**Dataset excerpts**
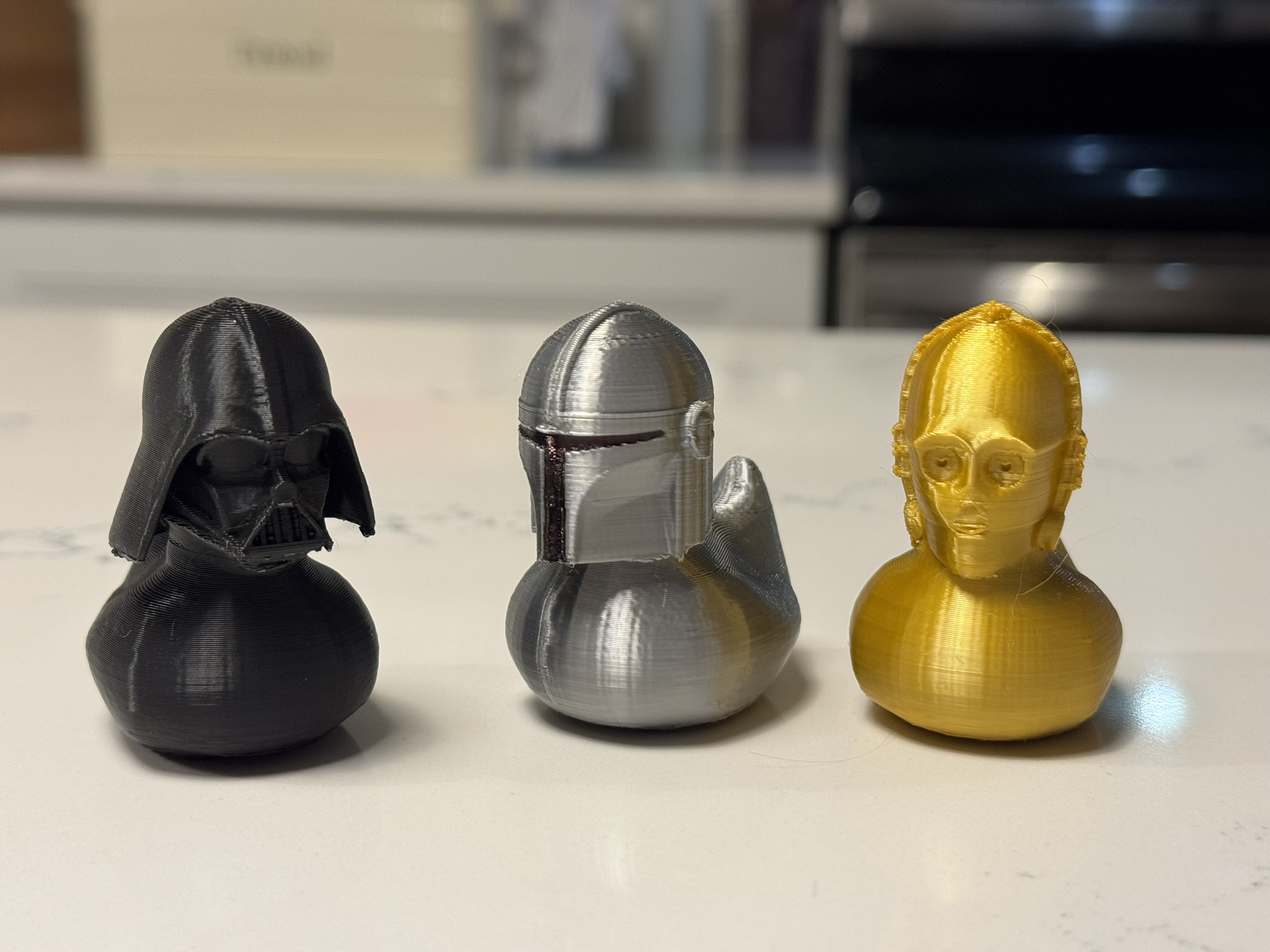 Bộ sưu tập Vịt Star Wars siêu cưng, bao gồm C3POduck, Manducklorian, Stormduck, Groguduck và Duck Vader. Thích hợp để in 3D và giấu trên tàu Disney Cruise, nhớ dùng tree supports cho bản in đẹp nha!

--

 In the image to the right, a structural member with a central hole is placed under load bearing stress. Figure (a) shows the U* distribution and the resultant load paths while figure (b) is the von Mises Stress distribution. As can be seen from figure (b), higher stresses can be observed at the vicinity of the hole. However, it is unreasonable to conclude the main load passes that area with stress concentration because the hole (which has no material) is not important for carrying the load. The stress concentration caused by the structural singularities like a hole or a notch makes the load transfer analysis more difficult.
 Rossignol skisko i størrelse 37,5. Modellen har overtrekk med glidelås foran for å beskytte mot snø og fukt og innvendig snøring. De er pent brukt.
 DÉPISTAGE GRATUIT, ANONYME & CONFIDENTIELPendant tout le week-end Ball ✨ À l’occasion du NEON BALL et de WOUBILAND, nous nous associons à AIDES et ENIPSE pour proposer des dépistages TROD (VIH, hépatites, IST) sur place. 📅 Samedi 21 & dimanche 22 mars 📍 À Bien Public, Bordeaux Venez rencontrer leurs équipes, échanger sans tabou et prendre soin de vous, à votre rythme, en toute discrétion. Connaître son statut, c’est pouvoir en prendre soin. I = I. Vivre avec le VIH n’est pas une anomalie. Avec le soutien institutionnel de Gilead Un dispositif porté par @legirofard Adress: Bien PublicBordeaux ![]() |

**What you will do**
Set down, unchanged, only those lines above that fall between the line with "Rossignol skisko i" and the line with "DÉPISTAGE GRATUIT, ANONYME", the two end lines included.

**Response**
 Rossignol skisko i størrelse 37,5. Modellen har overtrekk med glidelås foran for å beskytte mot snø og fukt og innvendig snøring. De er pent brukt.
 DÉPISTAGE GRATUIT, ANONYME & CONFIDENTIELPendant tout le week-end Ball ✨ À l’occasion du NEON BALL et de WOUBILAND, nous nous associons à AIDES et ENIPSE pour proposer des dépistages TROD (VIH, hépatites, IST) sur place. 📅 Samedi 21 & dimanche 22 mars 📍 À Bien Public, Bordeaux Venez rencontrer leurs équipes, échanger sans tabou et prendre soin de vous, à votre rythme, en toute discrétion. Connaître son statut, c’est pouvoir en prendre soin. I = I. Vivre avec le VIH n’est pas une anomalie. Avec le soutien institutionnel de Gilead Un dispositif porté par @legirofard Adress: Bien PublicBordeaux ![]() |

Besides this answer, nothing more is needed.